This happens all the time in federal countries. One state will innovate and do something and then the others will copy, and in fact maybe the last one will learn from the mistakes of the others and so forth;15
and Mr Sturgess:
While to some extent we want to avoid inefficient and silly outcomes, competitive markets are full of overlap and duplication. Coles Myer and Woolworths both exist in the marketplace, and that is a classic example of overlap and duplication, but the theory is that we get better results if there is not a monopoly, and arguably the same applies with levels of government. If you have competition you get a better result that is better tailored to Australian values than if you have an all-wise group of people in Canberra saying, We are going to have this but we are going to delegate this part to some region which is at our bidding.16
5.25 However, horizontal competition between the States is not possible in a context of central dominance in major program areas. Commonwealth-State competition in service provision is also impossible, so long as the Commonwealth determines the extent of, and conditions governing, the States expenditure.
Finding 9:
A significant reason for State Governments entering the 1990s New Federalism negotiations was the possibility of achieving fiscal security and policy autonomy, through reform of vertical fiscal imbalance, and reduction of overlap and duplication.

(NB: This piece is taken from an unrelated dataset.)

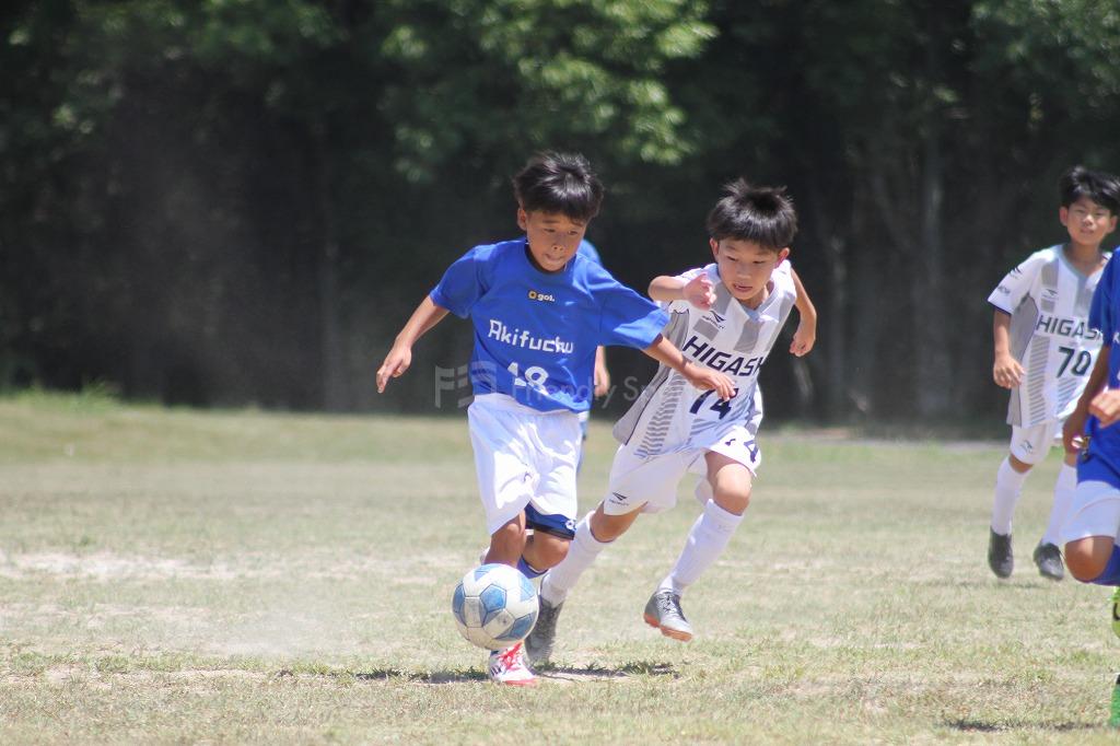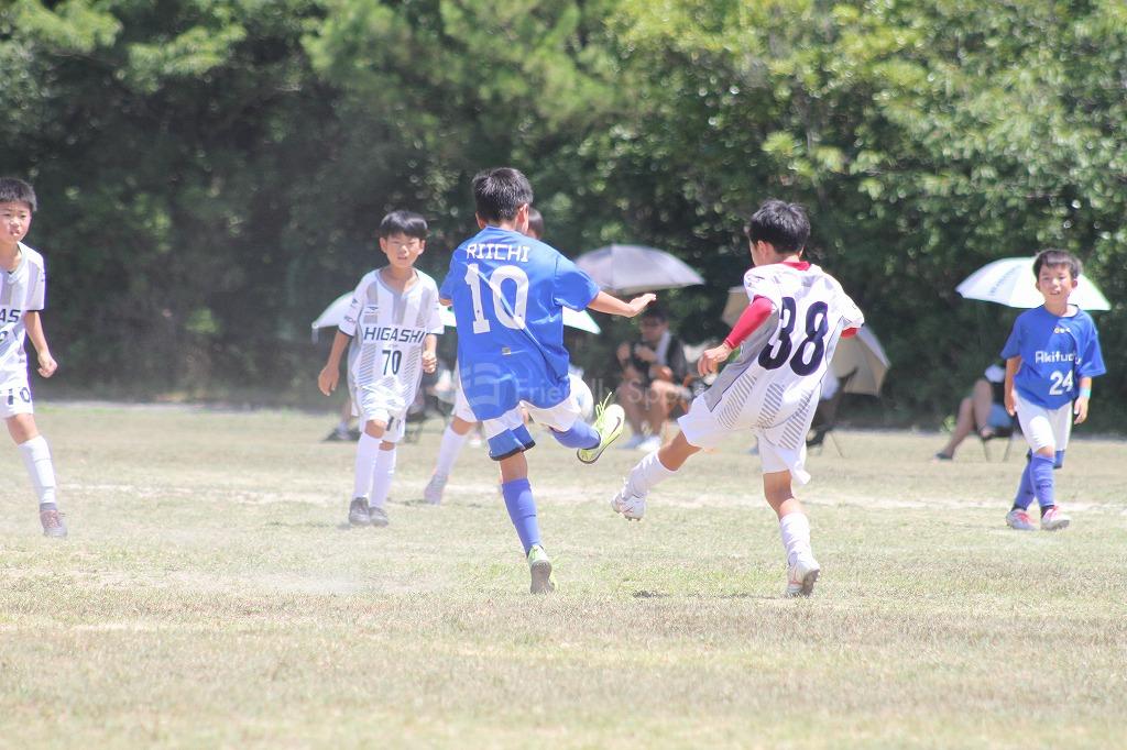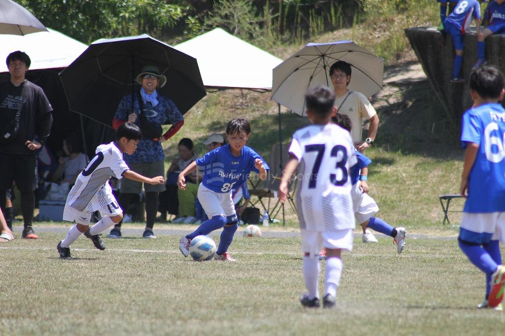 安芸府中10番がボールを持つと、ドリブル、パスでチャンスを演出する。

5.26 In November 1991, State and Territorial leaders agreed to a statement of principles they felt ought to govern the reform of program roles and responsibilities. These principles provided a far-reaching framework for realignment.17 As the Commonwealth did not attend the meeting at which they were released, it is unclear that all parties to the intergovernmental negotiations endorsed them. It seems apparent, however, that the Commonwealth Government under Hawke had been ready to accept them.
5.27 A generalised approach to roles and responsibilities reform has not been pursued since the change in Commonwealth leadership in 1991. These principles have not been applied comprehensively, and attempts to renegotiate the boundaries of Commonwealth and State roles and responsibilities have been largely unsuccessful. Efforts to delineate new roles and responsibilities in the area of environmental protection (discussed in the previous chapter) appear to have succeeded because environmental protection involves regulation rather than expenditure. Training and disabilities services are the only expenditure policy areas in which there have been substantial realignments of Commonwealth and State roles and responsibilities. Health, housing and education continue to be sites of disagreement between Commonwealth and State Governments, impeding effective delivery of these services.

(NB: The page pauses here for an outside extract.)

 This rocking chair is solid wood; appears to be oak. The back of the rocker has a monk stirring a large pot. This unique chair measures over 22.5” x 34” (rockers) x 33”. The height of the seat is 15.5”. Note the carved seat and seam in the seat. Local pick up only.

5.28 Developments that have taken place in the areas of disabilities services, training, housing and health will each be considered separately.
5.29 One of the earliest outcomes of the Special Premiers Conferences was the 1991 agreement to transfer full responsibility to the States for accommodation and employment-related services to the disabled. The Commonwealth agreed to pay all net additional costs to the States. In doing this it stipulated that these arrangements should not be viewed as a precedent for reform in other areas.
5.30 The arrangement called for the States to pass legislation complementary to the Commonwealth Disabilities Services Act 1991, which sets out conditions to be met by providers of disability services receiving public funding. In Victoria this is the Disabilities Services Act 1991.
5.31 The arrangements in training were designed essentially to ameliorate the Commonwealths centralisation policy, which culminated in the takeover by the Commonwealth of Technical and Further Education funding. Management and administrative responsibility in this area continues to be retained by the States.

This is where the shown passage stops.